Photo from the Calvin propaganda collection

I've just finished Bloodlands, a scholarly but powerful overview of the millions of killings committed by both the Soviets and the Nazis before and during World War II. What was especially striking was how little the murders relied on technology. I was more familiar with the western portion of the Holocaust, which required an elaborate system of transportation and bureacracy to carry out its murders. Most of the eastern victims were simply rounded up where they lived, forced to dig their own graves and then shot.

This is important because the threat model we use for privacy is based on the dangers of giving a state bureacracy too much information about our lives, to feed into a sophisticated Big Brother operation that constantly monitors us. The chilling examples of both Germany under the Nazis and communism demonstrate how much truth there is to that fear, but I think it also causes us to miss other risks.

Think about the Rwandan genocide. The killings weren't carried out using a sophisticated organization, it was people killing their neighbors with machetes. What the Nazis, Soviets and Rwanda all had in common was a sophisticated and effective propaganda campaign. They successfully convinced large numbers of people that unarmed men, women and children were deadly threats who had to be exterminated. Hutu broadcasters branded Tutsis as 'cockroaches', Nazi propaganda claimed Jews poisoned Aryan children, Stalin claimed the Ukranians were deliberately witholding food and causing starvation.

Story-telling like this is a vital component for every genocide.
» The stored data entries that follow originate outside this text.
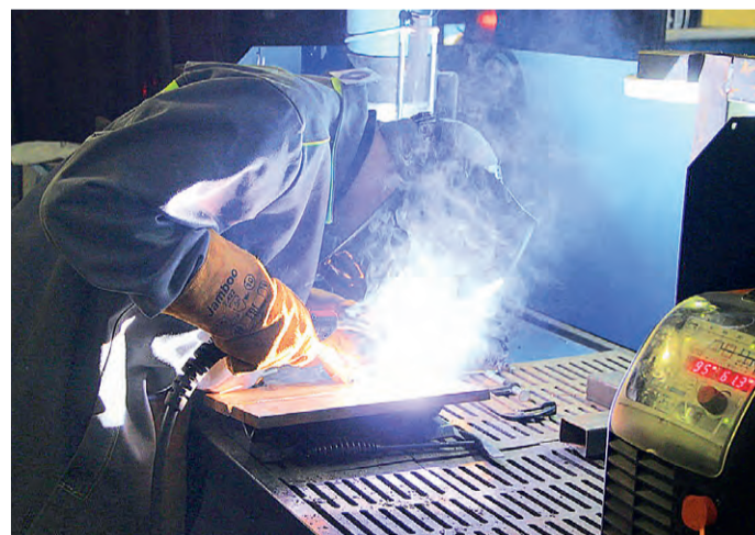
Сварочный шов должен быть ровным и прочным.
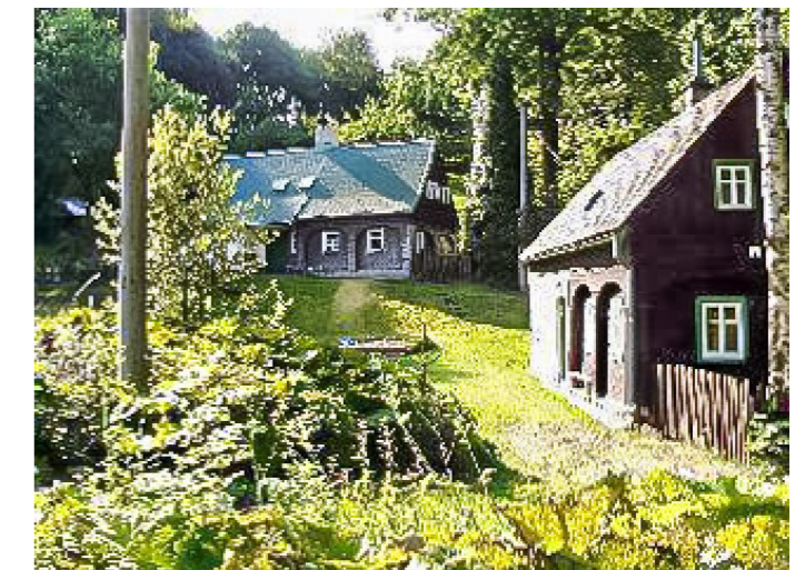
Brtníky č. p. 202 - Pohled na objekt ze severu
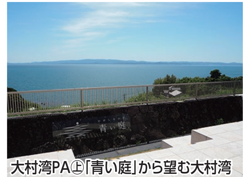
大村湾PA①「青い庭」から望む大村湾
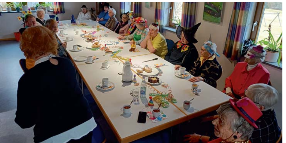
Fasching der Ludwigsthaler Herbstasterl

Killings on that sort of scale require active effort from hundreds of thousands of people, and passive acquiesance from millions. This requires a massive amount of motivation, and the only way to drive that is through effective propaganda.

What this doesn't explain is why the propaganda succeeded so well in those particular cases but not in others. My theory is that the recent introduction of new communications technologies should take a lot of the blame. The Nazis were able to harness films and radio to spread their message, the Hutus used radio almost exclusively. What the situations have in common is an elite who discover a way to tell stories in a very powerful way, thanks to a previously untapped medium. They succeed because the audience lacks a healthy scepticism. Stalin could edit people out of photos and be believed because 'Cameras don't lie'.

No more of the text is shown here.